Thursday, March 1, 2012

Books We Love: “Plunked” by Michael Northrop


Book Review by Jack Silbert
Super Bowl, NBA All-Star Game, blah blah blah. A serious subset of us sports fans spend the entire winter counting down to the only day that matters: When pitchers and catchers report. Baseball fans are a special breed—a bit more obsessive, a bit more nostalgic, a bit more introspective. And if you’ve noticed that the baseball fans in your life have been smiling a bit more recently, have a bit more “spring” in their steps, that’s because spring training is underway.


This year, 8-to-12-year-old baseball fans have even more reason to be happy, with the release of Michael Northrop’s winning novel Plunked. And even though it’s a sports book, it generally avoids the clichés of the genre, and in many ways is a gentle exploration of psyche and emotion.

Which shouldn’t scare anyone off. Baseball is the thinking-person’s game, after all. Fans spend a lot of time inside their own heads, imagining trades, replaying crucial at-bats, contemplating statistics. So it’s only fitting that things really get started here when our protagonist gets hit in the head with a pitched ball.

Now, that’s not a spoiler, don’t worry. You know going in that sixth-grader Jack Mogens is going to take one to the noggin. (The title is Plunked, after all.) As a result, I wonder if kids reading this will be as nervous as I was in the early going. Jack Mogens is such a sweet, friendly kid—we don’t want him to get hit. But we know he will. Is it going to happen at Little League practice? In the batting cage? During the first game? I was antsy each time Jack picked up a bat. (The book seems to follow the Syd Field screenwriting paradigm, so that errant fastball—a.k.a. plot point 1—doesn’t arrive until a third of the way in.)

Before that, Northrop has established Jack’s fear of getting hit. So then the rest of the book delves into a scenario that you don’t need to be a baseball fan to relate to: What happens if the thing you’re afraid of actually takes place? And how do you summon the strength to put yourself in that same situation again?

As for the baseball talk (and there’s a lot of it): The lingo of the game and descriptions of plays all ring true. Northrop obviously isn’t someone who just looked up “baseball” on Wikipedia 20 minutes before starting the book. In fact, he was a baseball editor at Sports Illustrated Kids for five years.
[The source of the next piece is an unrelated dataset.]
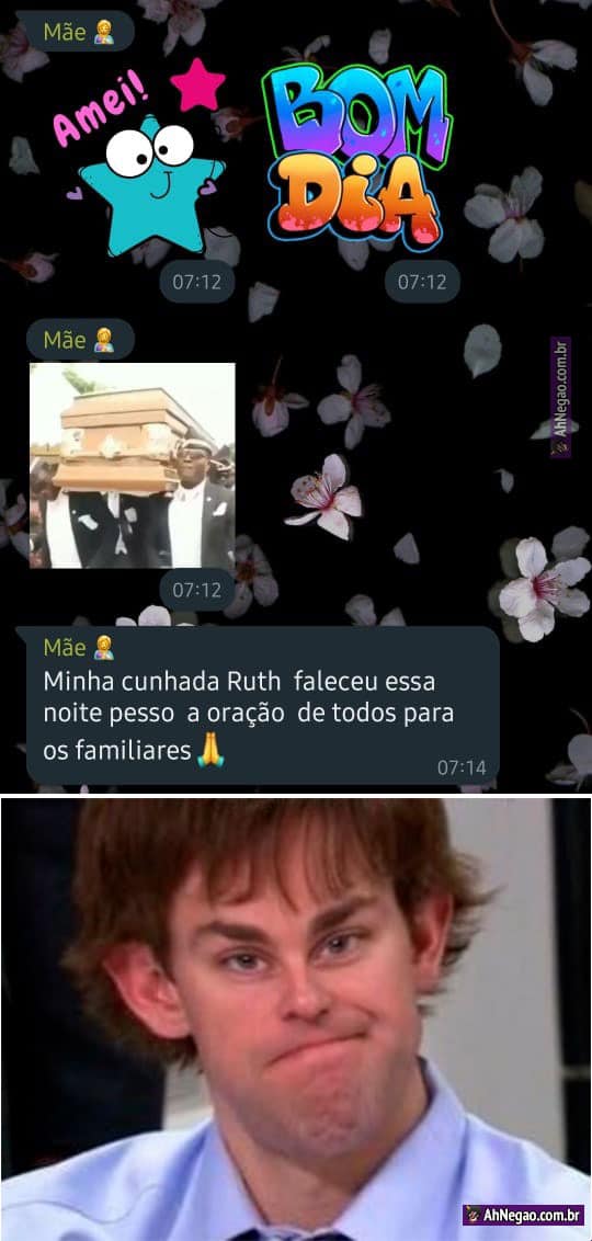 Incrível como ela vai de figurinhas de bom dia pra uma figurinha do meme do caixão pra mensagem de luto em apenas dois minutos.
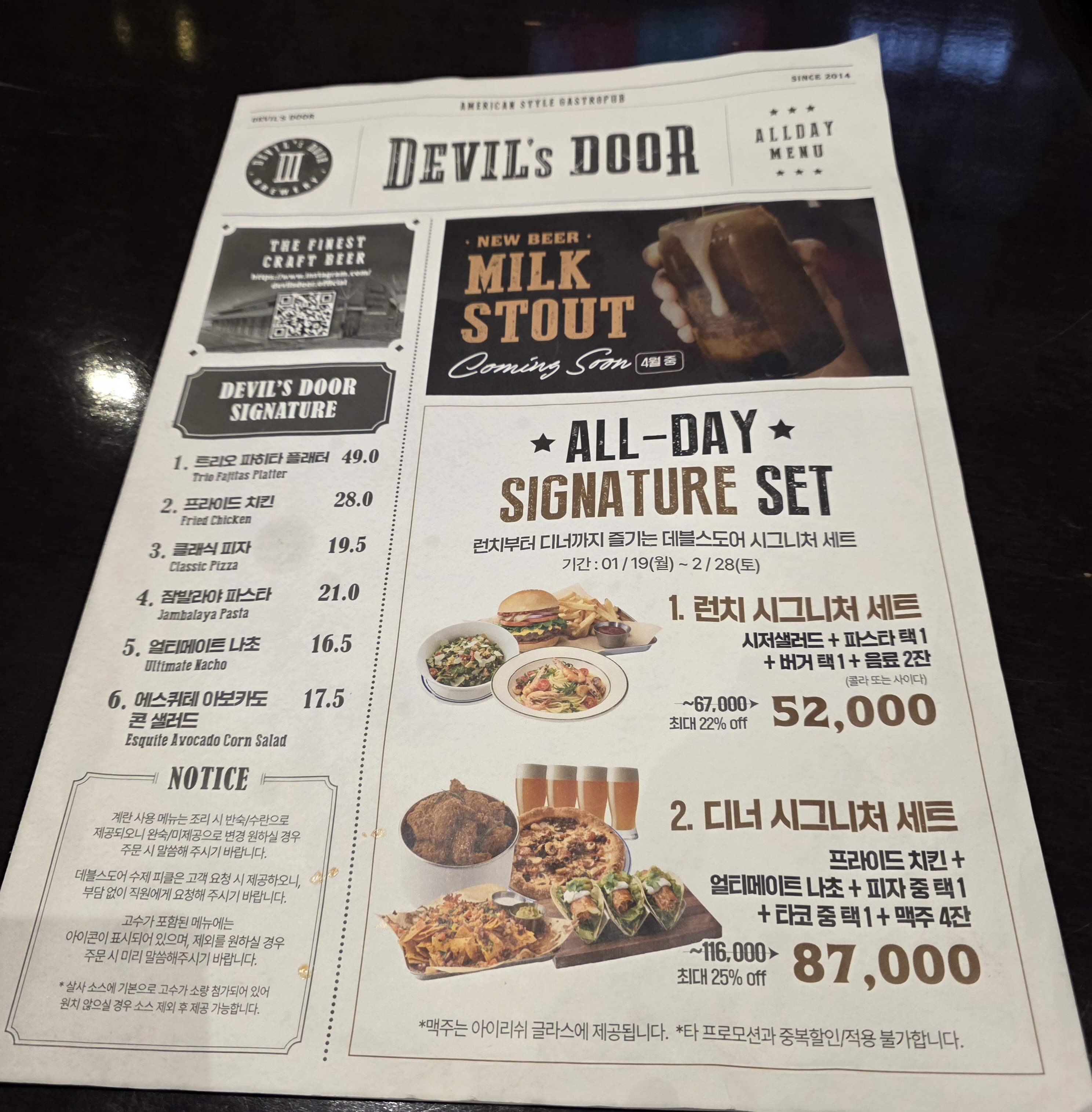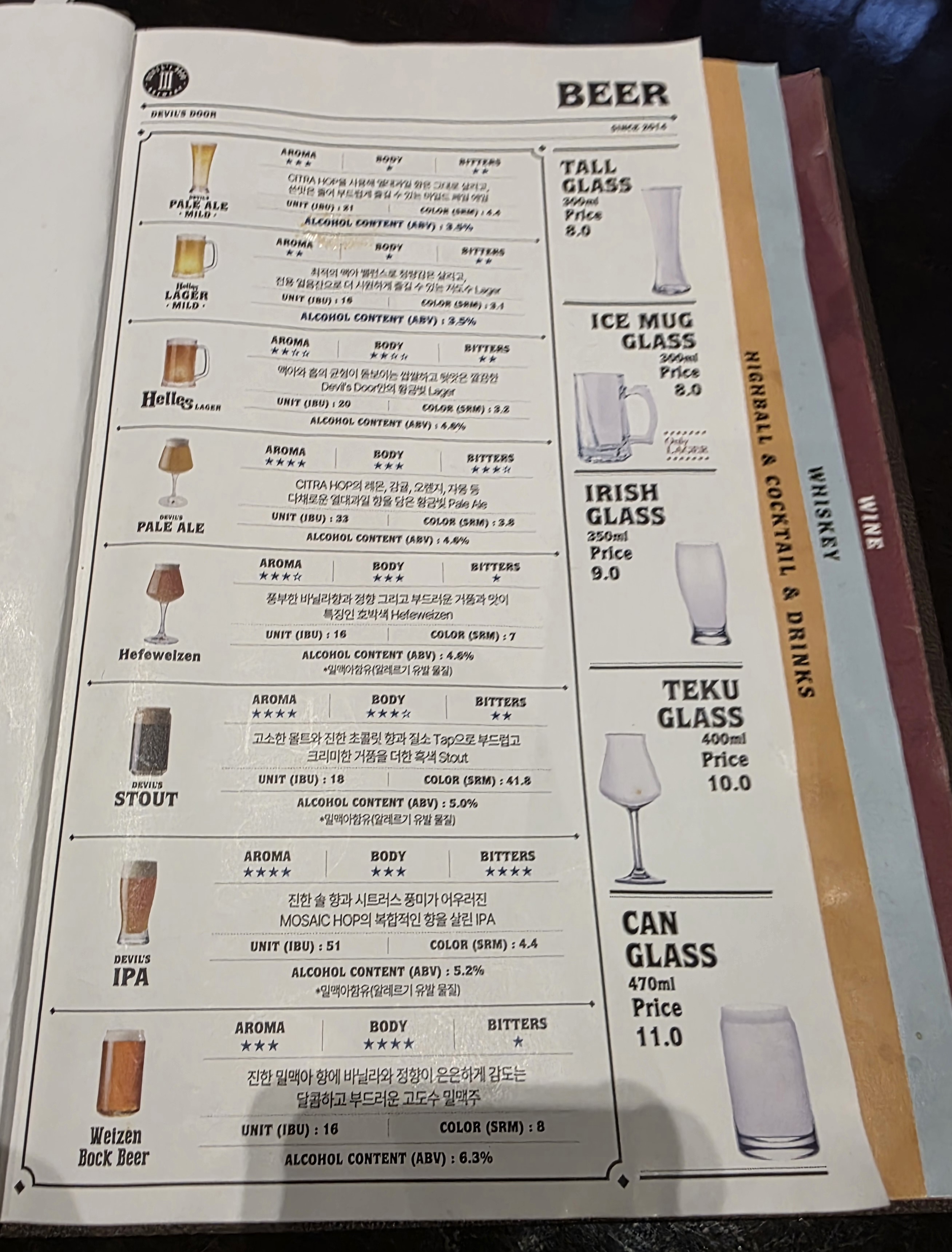 특히 데블스도어는 직접 양조한 맥주 종류가 다양해서, 무제한으로 즐기기 좋은 구조라는 느낌이었습니다.

Northrop is clearly a fan, writing about fans, for fans. And yet it never gets too wonky—you don’t have to be a seasoned Little Leaguer to appreciate Plunked.

This is Northrop’s first middle-grades offering. His first two books, Gentlemenand Trapped,were well-received young-adult titles. But here, Northrop is clearly at ease with the language and feelings of the sixth-grade set. Importantly, Jack is in an elementary school, where sixth graders rule the roost. They behave like little adults, but are still so young in so many ways. Northrop perfectly captures that dichotomy.

In-between all the baseball, we get nice little glimpses of Jack’s world. School-bus and cafeteria politics. The deep loyalty and easy crumbling of young friendships. There’s the requisite super-talented girl on the team, who makes Jack feel kind of funny inside even if he can’t really understand it. There are parents who don’t get along all the time. (Jack knows how they’re doing by how far apart they sit on the couch when watching TV.) And there’s that pervasive sense that every event is super-important and charged with drama.

Should I say something less than glowing about Plunked? OK, if you’re twisting my arm. I’m not sure how I feel about having a mean-kid character nicknamed “Malfoy.” Sure, it’s a nice tip of the (baseball) cap to the still-reigning champ of kids’ literature. But saying that he acts and even looks like Malfoy—with a mean father to boot—it’s too easy to picture him, and that feels a bit like shorthand.

A minor complaint, though, about what is really a very nice piece of work. And now is the perfect time to read it. Opening Day is still more than a month away, after all.

Jack Silbert is a writer of children's books, restaurant reviews, witty essays, and the like. He lives in Hoboken, N.J.